Wed Aug 23 15:44:20 CEST 2006

Joshua Ferraro a écrit :
> Hi Henri-Damien,
>
> The problems you're describing are because your MARC data is not
> valid. You may have UTF-8 encoded data in your MARC, but unless
> the Leader 09 is set to 'a', the MARC::* suite of tools has no
> way of knowing it's UTF-8 and will interpret it as MARC-8 ( properly,
> since there are only two valid encodings in MARC21 ). MARC::*
> has no knowledge of any other encoding, but in the latest sourceforge
> version there is an optional UNIMARC flag you can pass to it that
> will avoid all character set conversions (but this needs to be tested
> as the author didn't have direct access to UNIMARC.
>
> You can not simply switch from MARC-8 to UTF-8 without doing some
> heavy transformations ... for instance, in MARC-8, combining
> characters are of the form <combined character> <base> whereas in
> UTF-8, they are of the form <base> <combined character>.
>
> If you are converting a database that has invalid MARC-8 data (for
> instance, if it has latin1 data) you'll want to use the 
> ignore_errors flag:
>
> MARC::Charset->ignore_errors(1);
>
> to avoid losing entire subfields because of a bad character.
>
> I have confirmed that a UTF-8 Koha is already possible, without
> changing CGI or DBI. So long as MySQL and Apache have been set
> up properly, UTF-8 data passes unharmed between the DBI and
> CGI levels. You can view an example of a pure UTF-8 Koha here:
> http://wipoopac.liblime.com
>
> MARC::* is difficult to install properly, and it's also hard
> to make sure you have valid MARC records, but once you do these
> steps, the process works very smoothly. If we are to claim
> MARC21 compliance, MARC::* is a must (unless you want to write
> a new suite for MARC handling in perl or use a non-perl
> solution).
>   
Thanks for your reply.
Maybe I should use private message to report these thoughts.

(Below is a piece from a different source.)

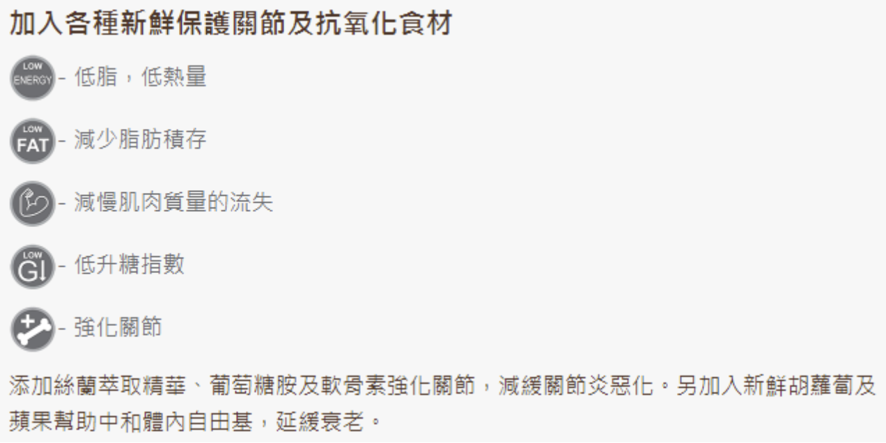 雞肉粉、糙米、燕麥、番薯、甜菜漿、小米、雞肉脂肪(與生育酚,即維他命E混合)、天然雞肝調味、大麥、蛋粉、亞麻籽粉、苜蓿草粉、豌豆、小紅莓、藍莓、DL-蛋氨酸、乾紅蘿蔔、乾菠菜、蘋果渣、氯化鈉、番茄渣、螯合氯化鉀、卵磷脂、磷酸二鈣、螯合氯化膽鹼、L-離氨酸、磷酸二氫鈉、葡萄糖氨鹽酸鹽、軟骨膠硫酸鹽、乾嗜酸乳桿菌發酵物、枯草芽孢桿菌發酵產物、乾雙歧桿菌嗜熱發酵物、乾長雙歧桿菌發酵物、乾屎腸球菌發酵物、絲蘭萃取物、鋅蛋白、維他命E補充劑、煙酸、硫酸鋅、螯合硫酸亞鐵、核黃素、螯合銅蛋白、螯合錳蛋白、維他命A補充劑、螯合硫酸銅、d-泛酸鈣、維他命B12補充劑、螯合硫酸錳、生物素 (維他命B7)、維他命D3補充劑、螯合鈷蛋白、硫胺素硝酸鹽 (維他命B1硝酸鹽 )、葉酸 (維他命B9)、螯合亞硒酸鈉、螯合碘酸鈣

OK for claiming MARC compliance, as soon as it is for ANY MARC flavor
would it be UNIMARC or else.

But I am not OK to say pure UTF-8 Koha is already possible, since it is
unfortunately not.
I reported a display error and reported to How you can get these errors
through a simple script.
Both DBI and CGI are buggy in their UTF-8 management, even though it is
true they donot harm UTF-8 data. But if PERL is to cope with utf8 data,
it has to be aware of that and encode things properly.
Maybe for you it works since you have no utf-8 *Both* in your zebra
records *and* your framework or any mysqldata.
But for us it IS a blocking problem and we HAVE to cope with it.
As soon as we work only with mysql or only with zebra, no problems, as I
said.
But we are not.

And we must be aware of that.
But you gave me at least two pennies to think about :
1) LEADER HAS TO be well integrated (in MARChtml2xml in rel 3_0, it is
not even generated)
2) MARC::Charset->ignore_errors can be used but is not the best solution
since some data could be lost without notice.

Many thanks anyway.
-- 
Henri-Damien LAURENT